С этими словами он извлек из кармана кресало и трут, прижал кусочек бурой мякоти к камню и начал ожесточенно стучать по нему железкой, высекая искру.
Наконец оба прикурили. Рыбаков надел рукавицы, взял вожжи, слегка натянул их, прикрикнул:
— Но, Воронко!
Жеребец фыркнул, рванулся и понес. В лицо ударил холодный ветер, брызнули снежные крошки из-под копыт.
— Согрелся? — Василий Иванович повернулся лицом к Степану.
— Как в бане.
Немного помолчали. Рыбаков вдруг заговорил неожиданно строго:
— Что-то ты, комсомольский секретарь, в последнее время стал шибко своевольничать. Вчера Лещенко нагрубил.
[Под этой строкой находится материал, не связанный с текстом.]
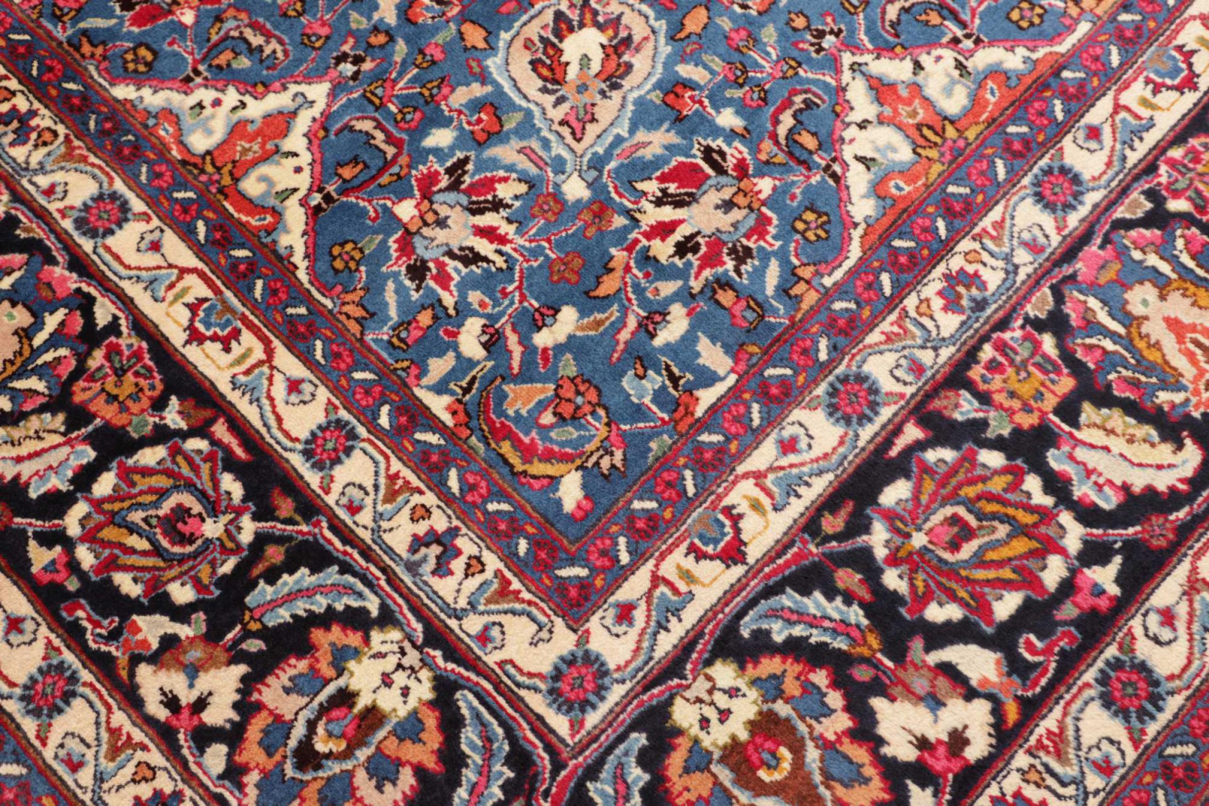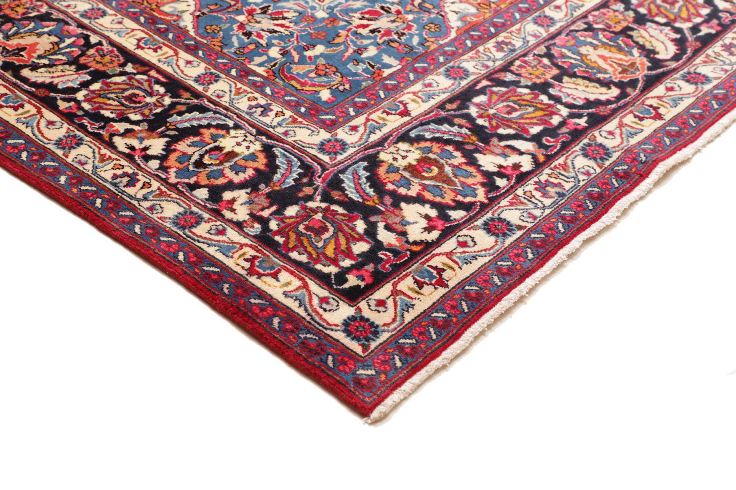 Ce tapis de Mashhad embellit votre maison. Ce tapis persan est noué à la main à Mashhad, une des plus grandes villes d’Iran.

— Я не грубил. Он сам обозвал меня авантюристом.
— Здорово! За что это?
— Да так… — голос Степана задрожал то ли от холода, то ли от обиды. — У него три дня заседала военная комиссия СибВО. Всех переосвидетельствовали. И я туда напросился. У меня ведь все идеальное. И сердце и слух. И всякие там печенки-селезенки. Только глаза. А их но таблице проверяют. Я ее от строчки до строчки вызубрил. Как начал шпарить: «а, о, у, д…» Стали мне мобилизационное извещение выписывать, а тут Лещенко пришел. Это, говорит, что за фокусы. И заставил меня плакаты читать, которые по стенам развешаны. Ясно, я ни одного не прочел. Он расшумелся: с твоим зрением, говорит, слонов пасти… ну и всякое такое. Я, конечно, огрызаться стал. А когда он обозвал меня авантюристом…
— Тебе сколько лет?
— Девятнадцать. А при чем тут года? — с обидой воскликнул Степан. — Я понимаю, что это авантюра. Все понимаю. А как быть? Все мои одноклассники воюют. Вовка Ермаков на два года меня младше… Вам хорошо смеяться. Комиссар полка! Орден Красного Знамени… А тут из-за какой-то близорукости копти тыловое небо. Ну, хорошо. Не годен в пулеметчики, не гожусь в разведчики. Но связистом или там каким-нибудь техником могу же я быть? У меня по всей математике пятерки в аттестате. Морзянку знаю. Сам приемник смонтировал. На худой конец, простым санитаром…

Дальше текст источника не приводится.